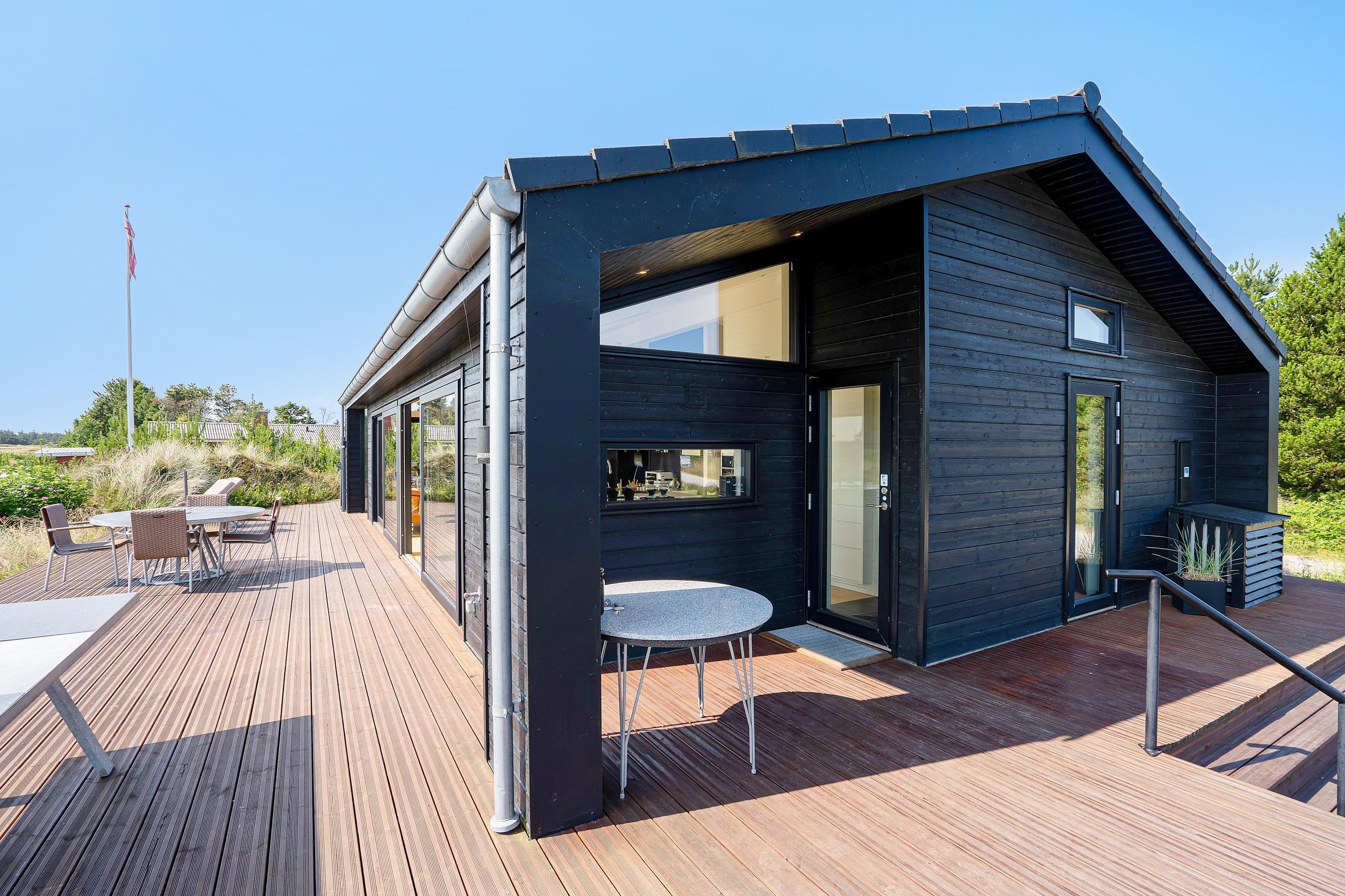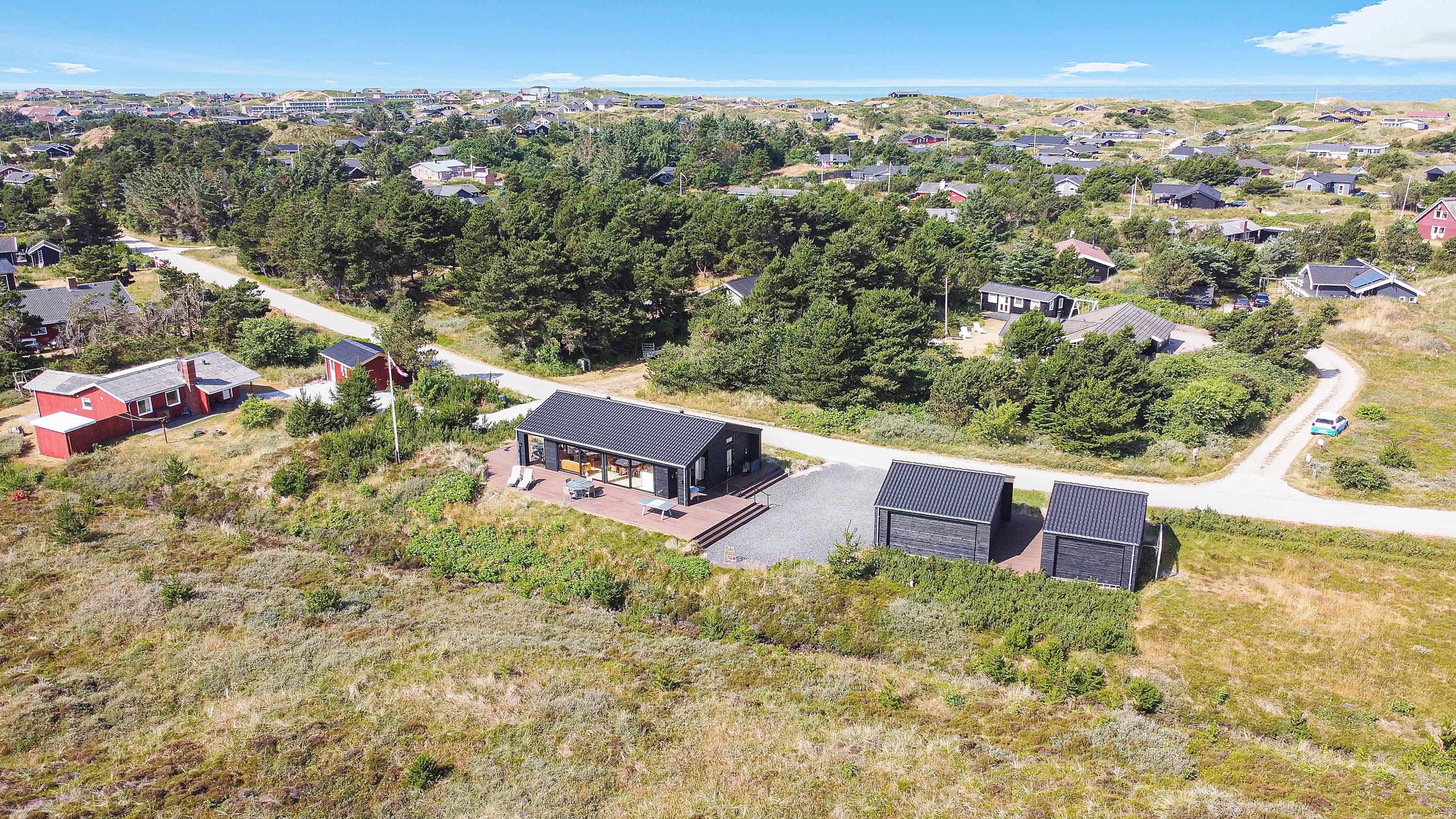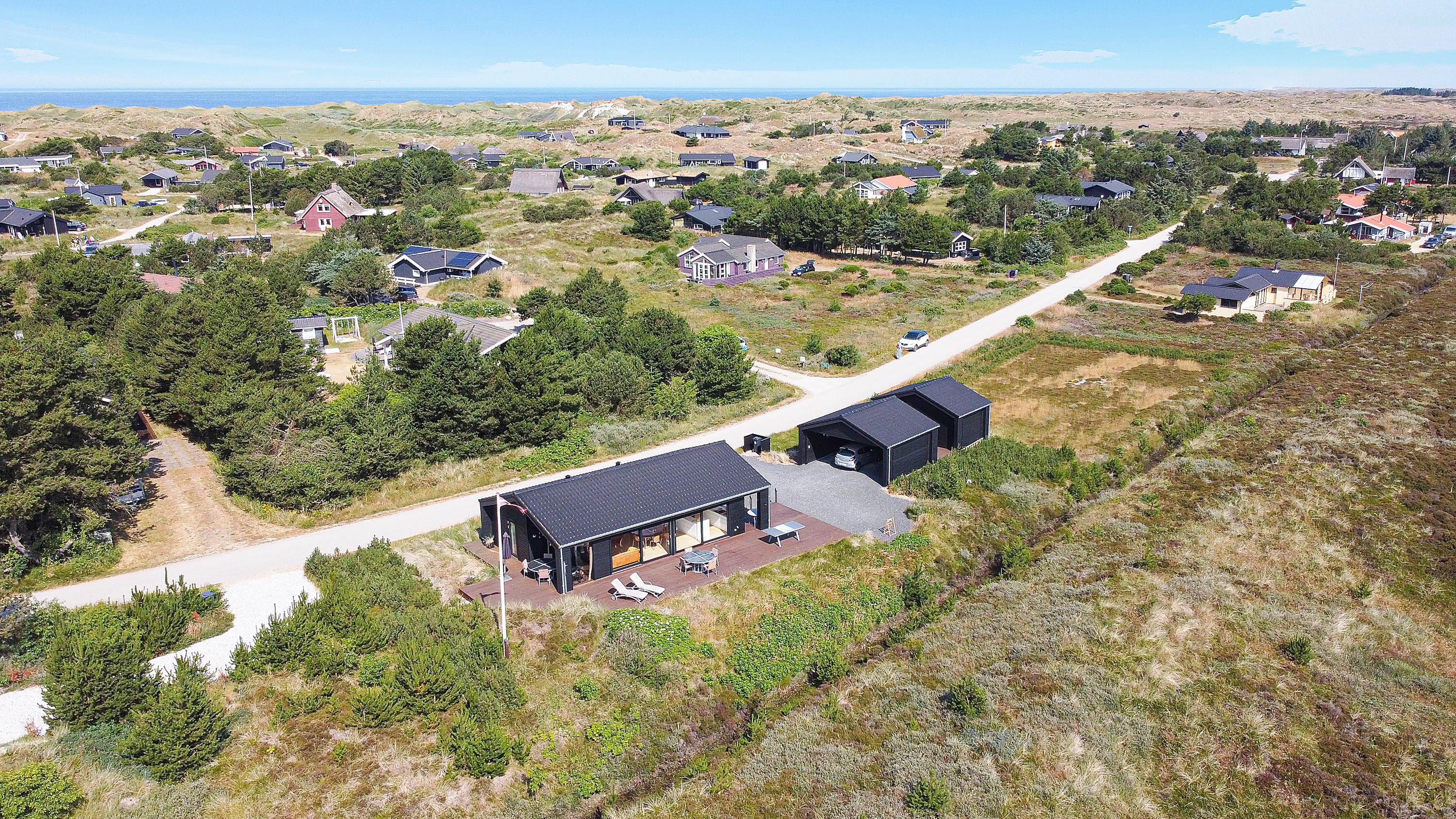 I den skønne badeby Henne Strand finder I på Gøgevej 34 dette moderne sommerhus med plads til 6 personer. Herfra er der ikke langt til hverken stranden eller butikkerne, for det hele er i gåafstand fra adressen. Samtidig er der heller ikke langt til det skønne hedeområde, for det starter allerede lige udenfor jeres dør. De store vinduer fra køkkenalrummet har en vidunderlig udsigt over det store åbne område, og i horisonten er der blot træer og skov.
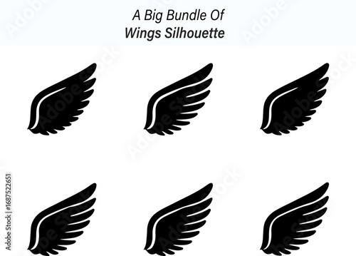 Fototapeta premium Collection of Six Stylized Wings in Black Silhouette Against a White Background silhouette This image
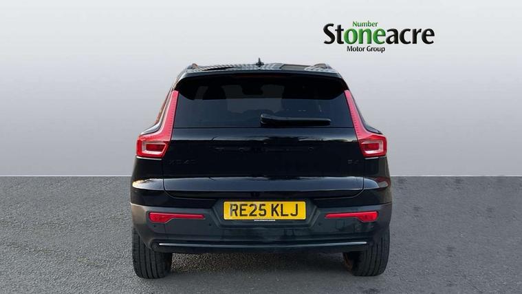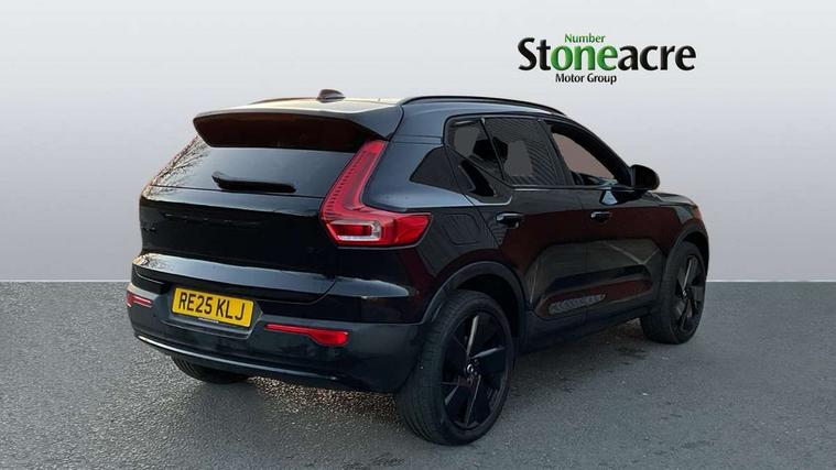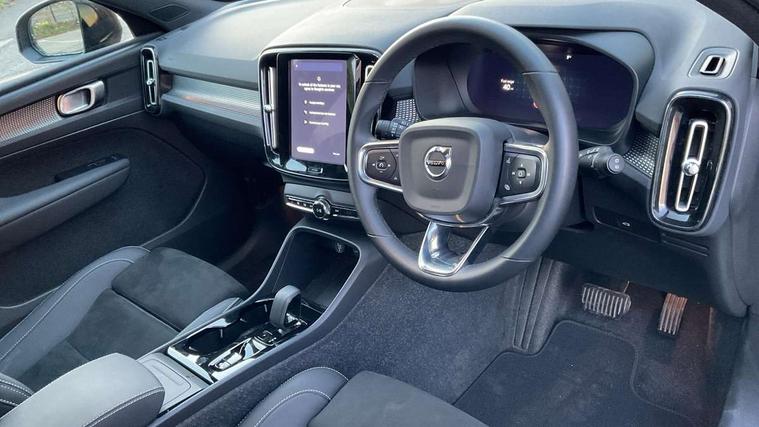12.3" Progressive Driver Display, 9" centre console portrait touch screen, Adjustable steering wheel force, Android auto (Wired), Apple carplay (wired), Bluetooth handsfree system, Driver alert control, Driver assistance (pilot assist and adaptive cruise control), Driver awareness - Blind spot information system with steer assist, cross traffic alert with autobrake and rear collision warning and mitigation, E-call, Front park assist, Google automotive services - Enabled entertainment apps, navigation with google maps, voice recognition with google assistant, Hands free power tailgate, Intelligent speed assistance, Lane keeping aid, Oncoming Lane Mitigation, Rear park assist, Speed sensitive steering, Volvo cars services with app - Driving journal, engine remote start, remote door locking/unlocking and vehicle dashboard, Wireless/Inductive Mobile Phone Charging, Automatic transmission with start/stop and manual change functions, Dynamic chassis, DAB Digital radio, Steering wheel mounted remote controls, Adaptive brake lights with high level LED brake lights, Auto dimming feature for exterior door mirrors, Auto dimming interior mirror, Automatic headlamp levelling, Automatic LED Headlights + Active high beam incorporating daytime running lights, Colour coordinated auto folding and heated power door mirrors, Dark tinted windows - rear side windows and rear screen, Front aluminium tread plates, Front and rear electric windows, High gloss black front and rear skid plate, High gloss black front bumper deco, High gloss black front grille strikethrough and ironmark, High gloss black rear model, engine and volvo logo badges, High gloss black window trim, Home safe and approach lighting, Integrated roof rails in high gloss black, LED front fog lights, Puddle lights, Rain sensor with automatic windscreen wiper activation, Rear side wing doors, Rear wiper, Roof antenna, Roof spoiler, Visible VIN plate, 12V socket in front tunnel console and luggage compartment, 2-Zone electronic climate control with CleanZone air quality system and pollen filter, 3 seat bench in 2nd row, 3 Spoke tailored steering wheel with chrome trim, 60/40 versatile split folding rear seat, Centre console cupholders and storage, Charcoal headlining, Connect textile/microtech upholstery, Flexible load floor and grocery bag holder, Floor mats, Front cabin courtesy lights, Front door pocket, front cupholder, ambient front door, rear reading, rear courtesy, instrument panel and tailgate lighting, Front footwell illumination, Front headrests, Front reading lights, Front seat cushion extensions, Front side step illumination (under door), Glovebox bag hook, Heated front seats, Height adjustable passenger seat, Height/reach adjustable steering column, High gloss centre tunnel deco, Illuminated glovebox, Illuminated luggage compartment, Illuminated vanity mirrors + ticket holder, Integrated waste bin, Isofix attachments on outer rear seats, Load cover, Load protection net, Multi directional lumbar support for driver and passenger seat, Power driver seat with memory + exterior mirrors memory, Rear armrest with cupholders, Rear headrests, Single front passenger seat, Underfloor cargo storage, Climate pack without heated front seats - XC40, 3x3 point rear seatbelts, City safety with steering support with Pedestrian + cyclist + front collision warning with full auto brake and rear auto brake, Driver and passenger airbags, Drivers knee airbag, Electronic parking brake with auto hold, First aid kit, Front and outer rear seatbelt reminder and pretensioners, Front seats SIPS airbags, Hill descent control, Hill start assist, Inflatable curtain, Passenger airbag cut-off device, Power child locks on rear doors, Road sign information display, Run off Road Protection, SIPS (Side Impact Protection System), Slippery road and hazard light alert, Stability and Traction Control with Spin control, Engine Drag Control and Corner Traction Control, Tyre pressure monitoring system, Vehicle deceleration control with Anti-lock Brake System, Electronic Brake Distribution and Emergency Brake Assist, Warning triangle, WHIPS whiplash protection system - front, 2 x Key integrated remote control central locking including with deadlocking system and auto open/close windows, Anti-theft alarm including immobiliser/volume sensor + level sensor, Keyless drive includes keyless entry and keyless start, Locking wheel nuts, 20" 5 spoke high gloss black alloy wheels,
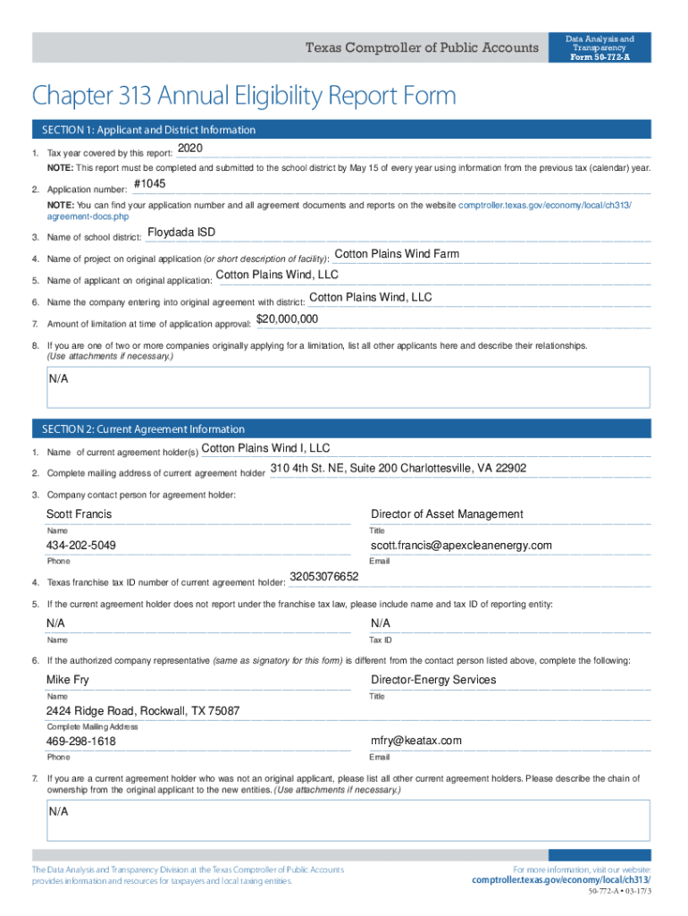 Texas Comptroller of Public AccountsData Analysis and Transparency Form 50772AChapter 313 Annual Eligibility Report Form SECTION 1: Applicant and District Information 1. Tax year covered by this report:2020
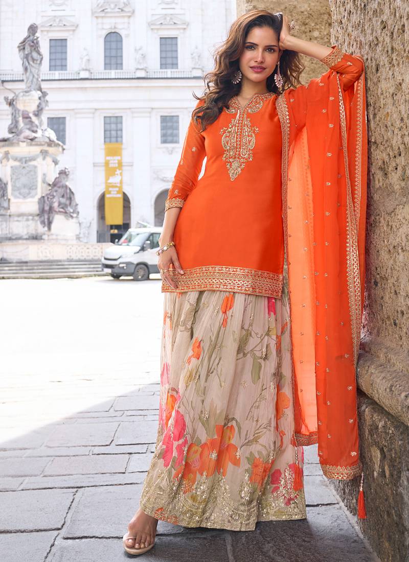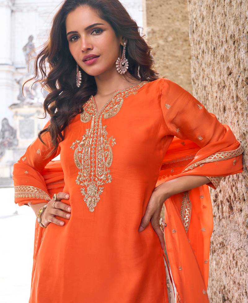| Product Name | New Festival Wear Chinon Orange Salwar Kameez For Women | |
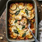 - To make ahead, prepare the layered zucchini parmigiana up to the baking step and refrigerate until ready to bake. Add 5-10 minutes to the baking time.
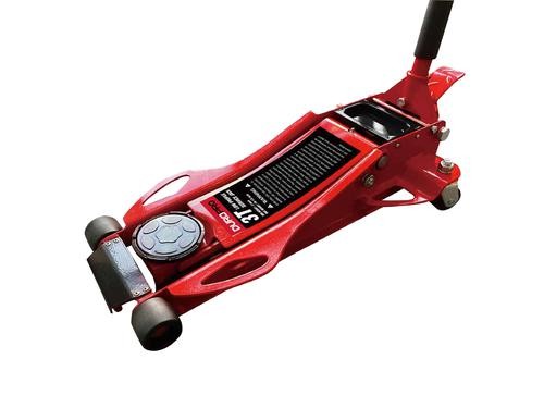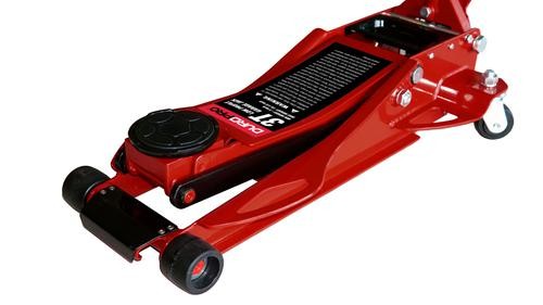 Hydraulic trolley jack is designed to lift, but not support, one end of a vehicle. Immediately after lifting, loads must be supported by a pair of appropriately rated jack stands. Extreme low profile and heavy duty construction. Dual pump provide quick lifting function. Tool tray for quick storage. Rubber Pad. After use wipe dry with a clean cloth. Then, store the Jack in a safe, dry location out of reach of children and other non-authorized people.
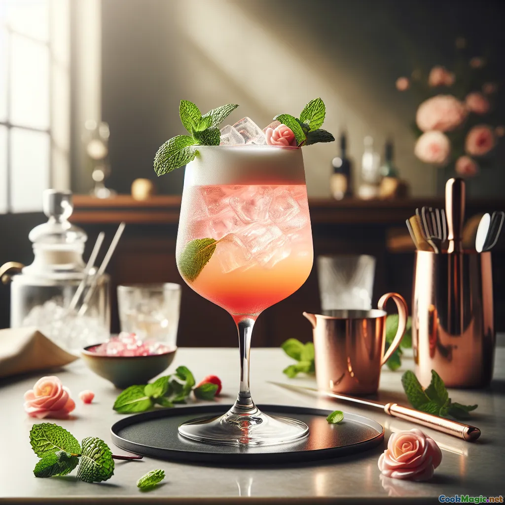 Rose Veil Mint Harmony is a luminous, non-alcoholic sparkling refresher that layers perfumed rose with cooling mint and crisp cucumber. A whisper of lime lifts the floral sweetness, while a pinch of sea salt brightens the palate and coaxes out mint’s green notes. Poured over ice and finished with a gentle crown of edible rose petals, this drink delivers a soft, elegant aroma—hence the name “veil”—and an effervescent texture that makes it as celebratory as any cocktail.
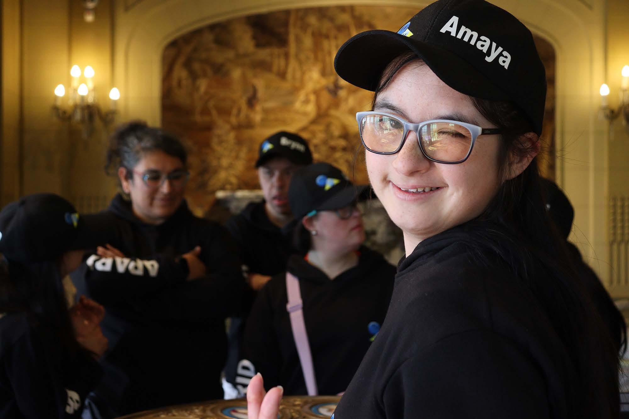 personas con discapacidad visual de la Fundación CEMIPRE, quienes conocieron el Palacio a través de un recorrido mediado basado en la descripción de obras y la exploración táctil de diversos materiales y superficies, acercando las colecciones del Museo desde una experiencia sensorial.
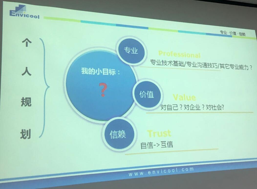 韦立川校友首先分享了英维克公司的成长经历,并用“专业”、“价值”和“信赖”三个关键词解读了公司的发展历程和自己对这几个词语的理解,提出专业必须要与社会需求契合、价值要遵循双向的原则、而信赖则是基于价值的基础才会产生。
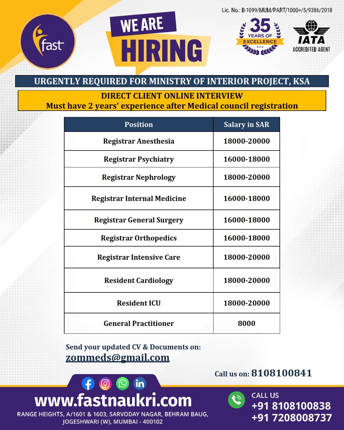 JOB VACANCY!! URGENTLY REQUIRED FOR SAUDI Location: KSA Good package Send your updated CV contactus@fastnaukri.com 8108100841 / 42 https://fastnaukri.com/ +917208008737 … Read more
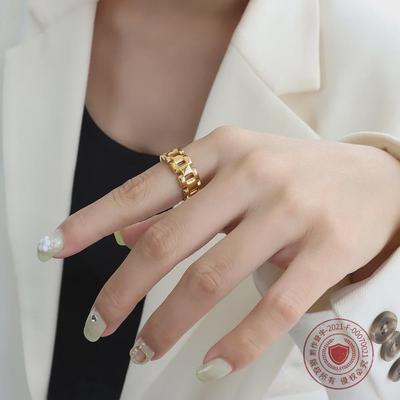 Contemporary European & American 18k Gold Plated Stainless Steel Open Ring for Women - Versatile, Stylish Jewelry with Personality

[Prompt] Beginning with the first line of the entries above, repeat each line word for word until the line with "Fototapeta premium Collection" has been given too. Omit the pictures.

[Solved exercise]
 I den skønne badeby Henne Strand finder I på Gøgevej 34 dette moderne sommerhus med plads til 6 personer. Herfra er der ikke langt til hverken stranden eller butikkerne, for det hele er i gåafstand fra adressen. Samtidig er der heller ikke langt til det skønne hedeområde, for det starter allerede lige udenfor jeres dør. De store vinduer fra køkkenalrummet har en vidunderlig udsigt over det store åbne område, og i horisonten er der blot træer og skov.
 Fototapeta premium Collection of Six Stylized Wings in Black Silhouette Against a White Background silhouette This image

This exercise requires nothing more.